» **TASK INSTRUCTIONS**
Only the lines from the one that contains "Various vacation mementos;" through the last line of the data below should be duplicated, exactly and without pictures.

--- INFORMATION SUPPLIED Enclosed Below ---

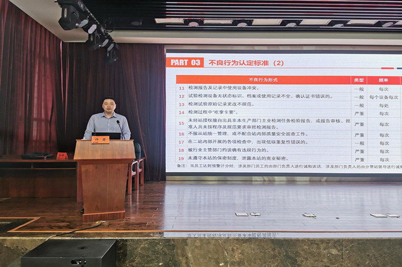 為落實院七屆五次職代會精神,引導(dǎo)員工增強職業(yè)道德意識,恪守“誠信為本、操守為重”的行為準則。4月30日上午,二站在23樓大會議室舉辦職業(yè)道德與行為準則專題講座。二站各檢測部門負責(zé)人、項目負責(zé)人及三年內(nèi)入職員工等110余人參加培訓(xùn)。二站黨總支書記、站長劉林軍出席培訓(xùn)會并作動員講話。培訓(xùn)會由院人力資源部部長徐文正主持。
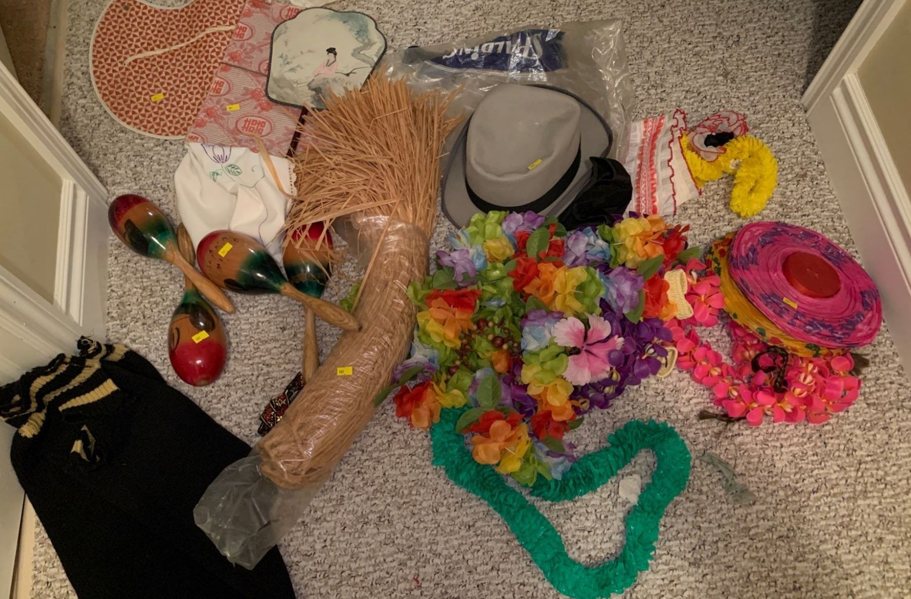 Various vacation mementos; hats, a sweater, maraca, Asian fan, and more!
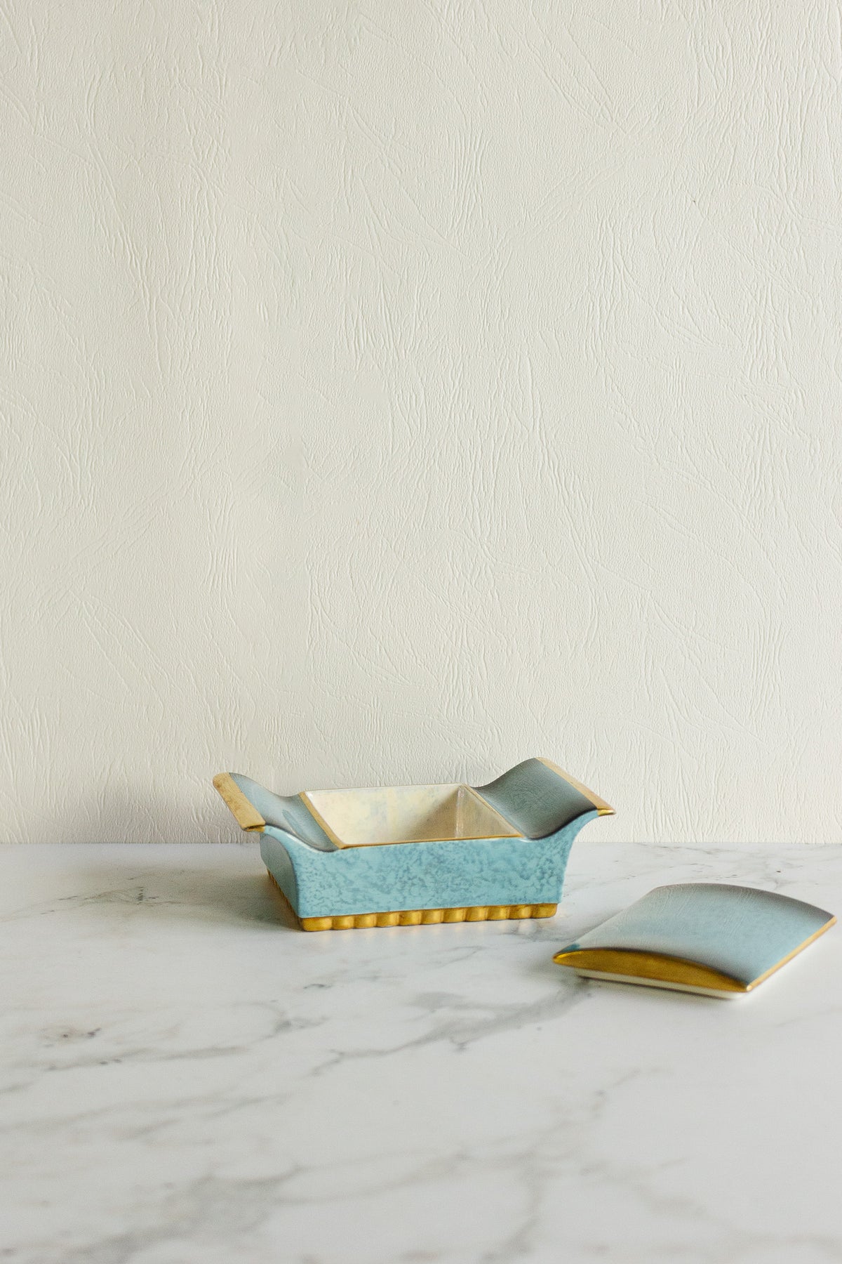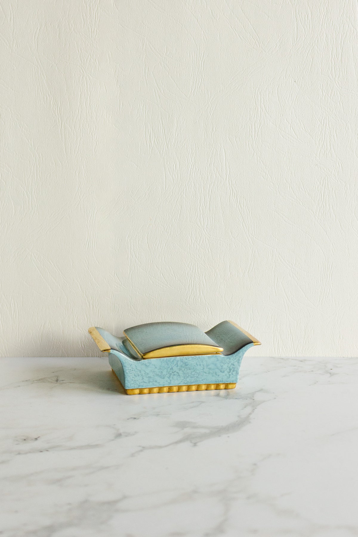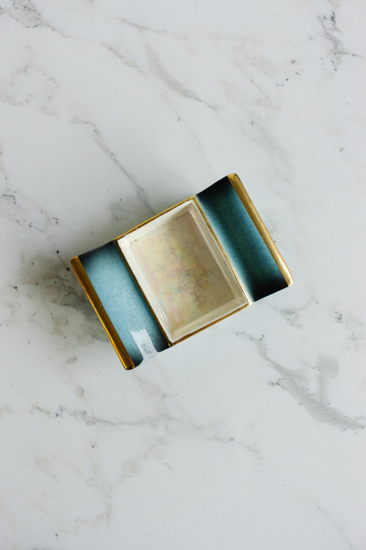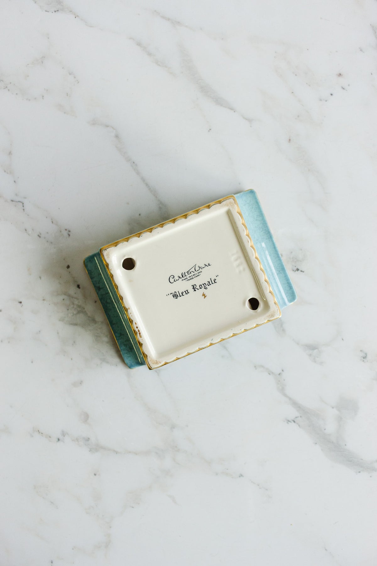 A vintage Carlton Ware “Bleu Royale” trinket dish, sourced from a brocante in Marseille. This elegant piece features the brand’s signature deep cobalt glaze with a subtle iridescent sheen and gilt detailing along the rim and lid. Compact yet refined, it’s perfect for holding jewelry or small keepsakes, or simply adding a touch of vintage sophistication to a dressing table or console.

--- End of Enclosed INFORMATION SUPPLIED ---

» **ANSWER SPACE**
 Various vacation mementos; hats, a sweater, maraca, Asian fan, and more!
 A vintage Carlton Ware “Bleu Royale” trinket dish, sourced from a brocante in Marseille. This elegant piece features the brand’s signature deep cobalt glaze with a subtle iridescent sheen and gilt detailing along the rim and lid. Compact yet refined, it’s perfect for holding jewelry or small keepsakes, or simply adding a touch of vintage sophistication to a dressing table or console.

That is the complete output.